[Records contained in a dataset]
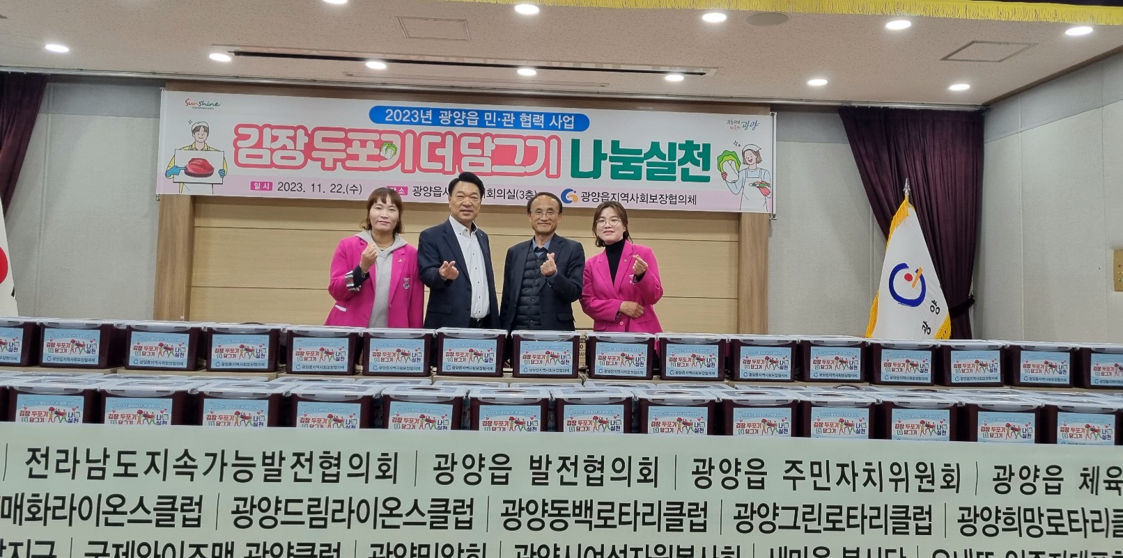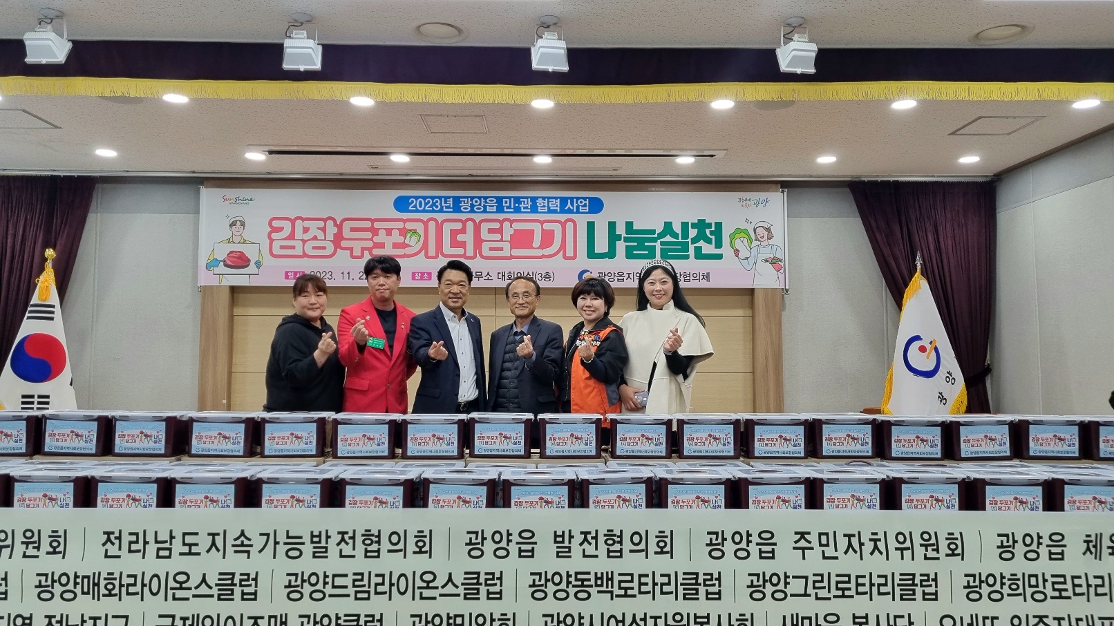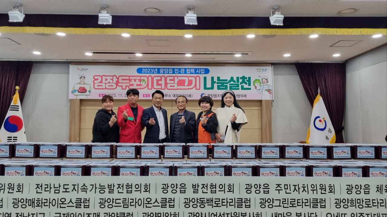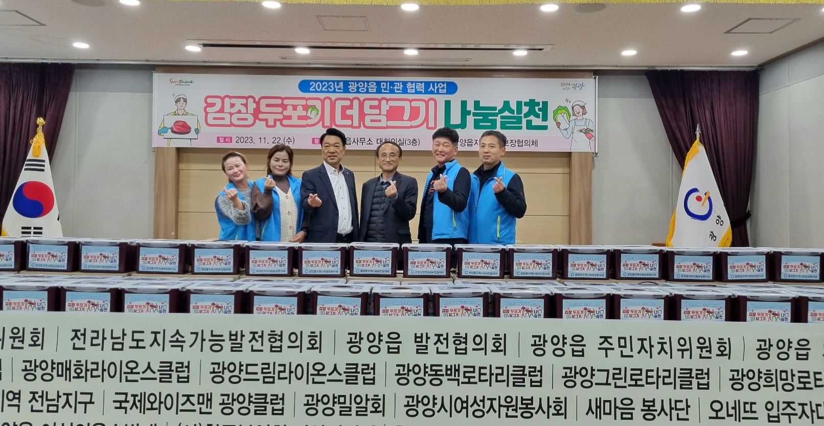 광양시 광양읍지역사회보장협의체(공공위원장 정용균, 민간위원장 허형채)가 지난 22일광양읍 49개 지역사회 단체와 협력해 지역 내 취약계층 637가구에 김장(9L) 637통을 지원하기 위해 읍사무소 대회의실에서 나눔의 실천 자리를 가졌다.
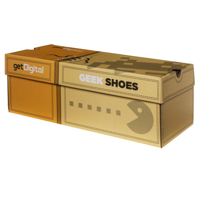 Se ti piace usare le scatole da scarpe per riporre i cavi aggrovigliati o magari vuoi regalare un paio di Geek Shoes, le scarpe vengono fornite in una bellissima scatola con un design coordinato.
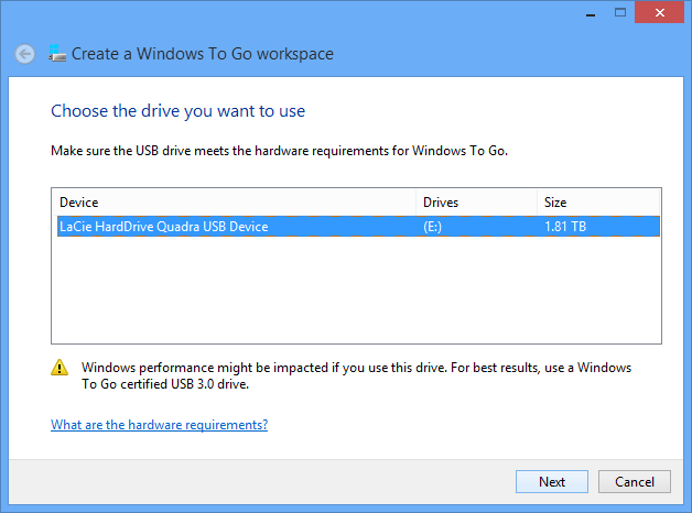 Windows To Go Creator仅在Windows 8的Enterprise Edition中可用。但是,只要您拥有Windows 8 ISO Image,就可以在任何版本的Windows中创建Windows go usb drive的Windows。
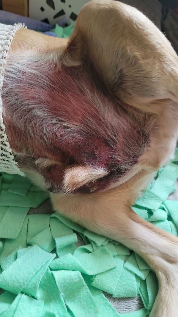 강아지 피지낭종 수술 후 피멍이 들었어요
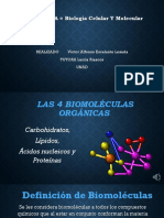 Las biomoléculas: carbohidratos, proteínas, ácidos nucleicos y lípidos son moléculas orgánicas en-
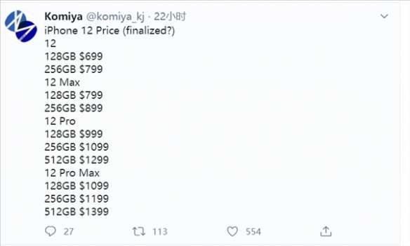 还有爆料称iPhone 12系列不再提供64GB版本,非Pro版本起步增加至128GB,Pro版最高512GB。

---

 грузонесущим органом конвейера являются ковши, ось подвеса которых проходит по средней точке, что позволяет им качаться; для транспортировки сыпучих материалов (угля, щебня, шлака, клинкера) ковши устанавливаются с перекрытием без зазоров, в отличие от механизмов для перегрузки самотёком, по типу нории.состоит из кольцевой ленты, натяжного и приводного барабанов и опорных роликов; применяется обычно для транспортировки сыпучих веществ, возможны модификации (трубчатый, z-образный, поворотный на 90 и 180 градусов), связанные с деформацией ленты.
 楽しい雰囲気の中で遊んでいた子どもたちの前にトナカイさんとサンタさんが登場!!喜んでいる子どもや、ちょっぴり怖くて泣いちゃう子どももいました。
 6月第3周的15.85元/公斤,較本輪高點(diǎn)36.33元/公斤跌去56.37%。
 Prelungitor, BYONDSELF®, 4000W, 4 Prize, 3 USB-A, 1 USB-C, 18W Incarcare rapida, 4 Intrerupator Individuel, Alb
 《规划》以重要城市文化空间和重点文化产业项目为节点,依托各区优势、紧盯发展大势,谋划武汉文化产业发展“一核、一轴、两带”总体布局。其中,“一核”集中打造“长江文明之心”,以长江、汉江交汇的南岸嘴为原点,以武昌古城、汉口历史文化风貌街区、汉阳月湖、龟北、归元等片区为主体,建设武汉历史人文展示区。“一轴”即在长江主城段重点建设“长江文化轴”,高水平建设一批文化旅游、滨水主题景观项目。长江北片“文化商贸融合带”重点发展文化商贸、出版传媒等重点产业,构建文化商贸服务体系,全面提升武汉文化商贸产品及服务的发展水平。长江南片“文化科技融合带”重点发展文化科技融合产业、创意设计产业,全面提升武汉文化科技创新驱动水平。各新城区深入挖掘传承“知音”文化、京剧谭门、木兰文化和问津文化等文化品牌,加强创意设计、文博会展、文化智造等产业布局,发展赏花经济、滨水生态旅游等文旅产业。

PROBLEM TO WORK ON => Would you please reproduce the entries above, starting at the line with "광양시 광양읍지역사회보장협의체(공공위원장 정용균, 민간위원장" and stopping after the line with "还有爆料称iPhone 12"? Omit any pictures.

PROBLEM SOLUTION =>
 광양시 광양읍지역사회보장협의체(공공위원장 정용균, 민간위원장 허형채)가 지난 22일광양읍 49개 지역사회 단체와 협력해 지역 내 취약계층 637가구에 김장(9L) 637통을 지원하기 위해 읍사무소 대회의실에서 나눔의 실천 자리를 가졌다.
 Se ti piace usare le scatole da scarpe per riporre i cavi aggrovigliati o magari vuoi regalare un paio di Geek Shoes, le scarpe vengono fornite in una bellissima scatola con un design coordinato.
 Windows To Go Creator仅在Windows 8的Enterprise Edition中可用。但是,只要您拥有Windows 8 ISO Image,就可以在任何版本的Windows中创建Windows go usb drive的Windows。
 강아지 피지낭종 수술 후 피멍이 들었어요
 Las biomoléculas: carbohidratos, proteínas, ácidos nucleicos y lípidos son moléculas orgánicas en-
 还有爆料称iPhone 12系列不再提供64GB版本,非Pro版本起步增加至128GB,Pro版最高512GB。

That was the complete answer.